#### Your instructions:
Give back the full listing verbatim, apart from its images.

#### Collected data:
--------------------------------------------------

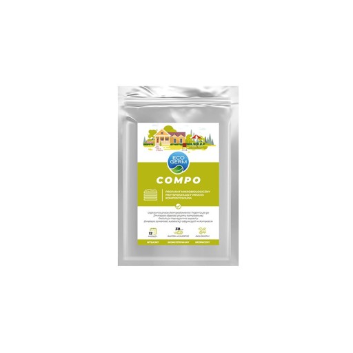 EcoGerm Compo – unikalny preparat mikrobiologiczny, który przyspiesza proces degradacji i fermentacji odpadów organicznych, takich jak: resztki roślinne, spady owocowe, skoszona trawa, odpady kuchenne, popiół drzewny, papier, kora, trociny i rozdrobnione gałęzie. Zawiera wyselekcjonowane szczepy naturalnie hodowanych bakterii z dodatkiem składników odżywczych, enzymów i minerałów. Bezpieczny dla ludzi, zwierząt oraz środowiska naturalnego. Wyjątkowo wydajny –1 g preparatu zawiera ponad 1 mld aktywnych bakterii.
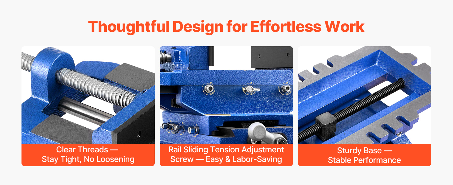 Náš vŕtací lisový zverák s osou X Y je vybavený priehľadnými závitmi, ktoré zostávajú pevné a odolné proti uvoľneniu, čo zaručuje stabilné upnutie. Robustná základňa poskytuje stabilitu počas prevádzky, čo umožňuje bezpečnú a spoľahlivú prácu.
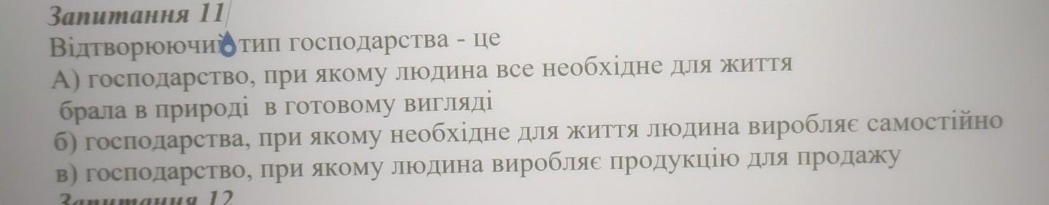 для продажу або обму на ринку Запитання 11 Відтворюючи тип господарства - це А) господарство, при якому людина все необхідне для життя брала в природі в готовому вигляді б) господарства, в) господарство, при якому необхідне для життя людина виробляє самостійно при якому людина виробляє продукцію для продажу
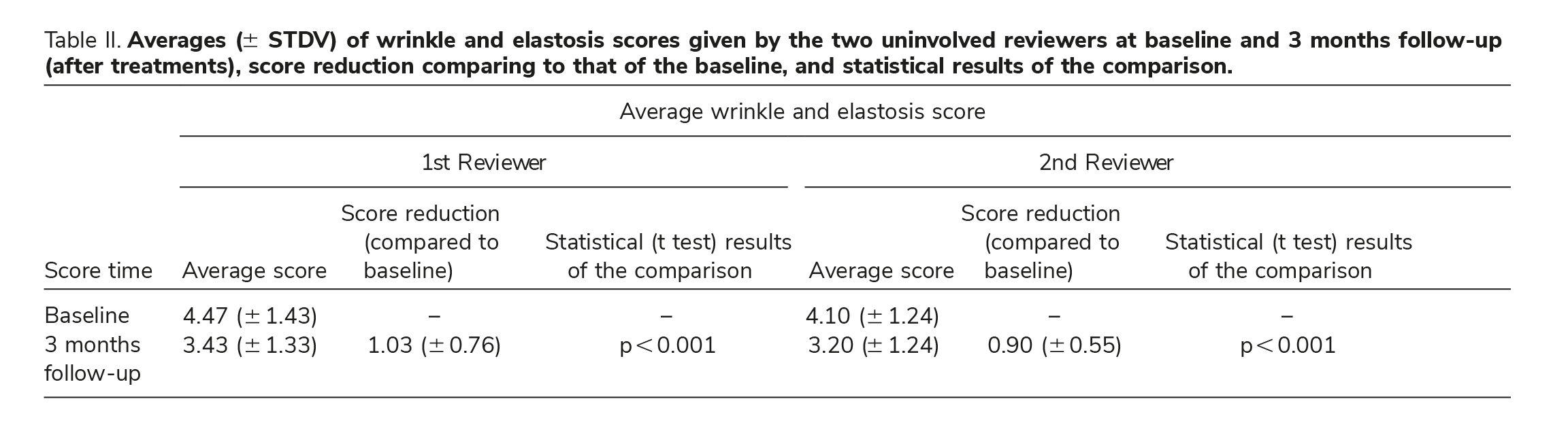 In order to evaluate level of agreement between the two uninvolved physicians, statistical comparison (using two-sided paired t test) was conducted between the baseline wrinkle and elastosis score pro-vided by the two blinded reviewers. The statistical analysis failed to reveal signifi cant differences (p 0.05) between the baseline wrinkle score of the two reviewers. Furthermore, same result was obtained while comparing the 3 months follow-up scores of the two reviewers. The statistical comparison of the 3 months follow-up wrinkle and elastosis score, obtained by the two uninvolved evaluators, indicates no statistical difference (p 0.05) between the two reviewers. These results indicate that both uninvolved reviewers were in agreement regarding wrinkle and elastosis degree, at baseline as well as at 3 months follow-up, enhancing the study results. Table II sum-marizes the uninvolved physicians score at baseline and 3 months follow-up.

--------------------------------------------------

#### Exercise result:
 EcoGerm Compo – unikalny preparat mikrobiologiczny, który przyspiesza proces degradacji i fermentacji odpadów organicznych, takich jak: resztki roślinne, spady owocowe, skoszona trawa, odpady kuchenne, popiół drzewny, papier, kora, trociny i rozdrobnione gałęzie. Zawiera wyselekcjonowane szczepy naturalnie hodowanych bakterii z dodatkiem składników odżywczych, enzymów i minerałów. Bezpieczny dla ludzi, zwierząt oraz środowiska naturalnego. Wyjątkowo wydajny –1 g preparatu zawiera ponad 1 mld aktywnych bakterii.
 Náš vŕtací lisový zverák s osou X Y je vybavený priehľadnými závitmi, ktoré zostávajú pevné a odolné proti uvoľneniu, čo zaručuje stabilné upnutie. Robustná základňa poskytuje stabilitu počas prevádzky, čo umožňuje bezpečnú a spoľahlivú prácu.
 для продажу або обму на ринку Запитання 11 Відтворюючи тип господарства - це А) господарство, при якому людина все необхідне для життя брала в природі в готовому вигляді б) господарства, в) господарство, при якому необхідне для життя людина виробляє самостійно при якому людина виробляє продукцію для продажу
 In order to evaluate level of agreement between the two uninvolved physicians, statistical comparison (using two-sided paired t test) was conducted between the baseline wrinkle and elastosis score pro-vided by the two blinded reviewers. The statistical analysis failed to reveal signifi cant differences (p 0.05) between the baseline wrinkle score of the two reviewers. Furthermore, same result was obtained while comparing the 3 months follow-up scores of the two reviewers. The statistical comparison of the 3 months follow-up wrinkle and elastosis score, obtained by the two uninvolved evaluators, indicates no statistical difference (p 0.05) between the two reviewers. These results indicate that both uninvolved reviewers were in agreement regarding wrinkle and elastosis degree, at baseline as well as at 3 months follow-up, enhancing the study results. Table II sum-marizes the uninvolved physicians score at baseline and 3 months follow-up.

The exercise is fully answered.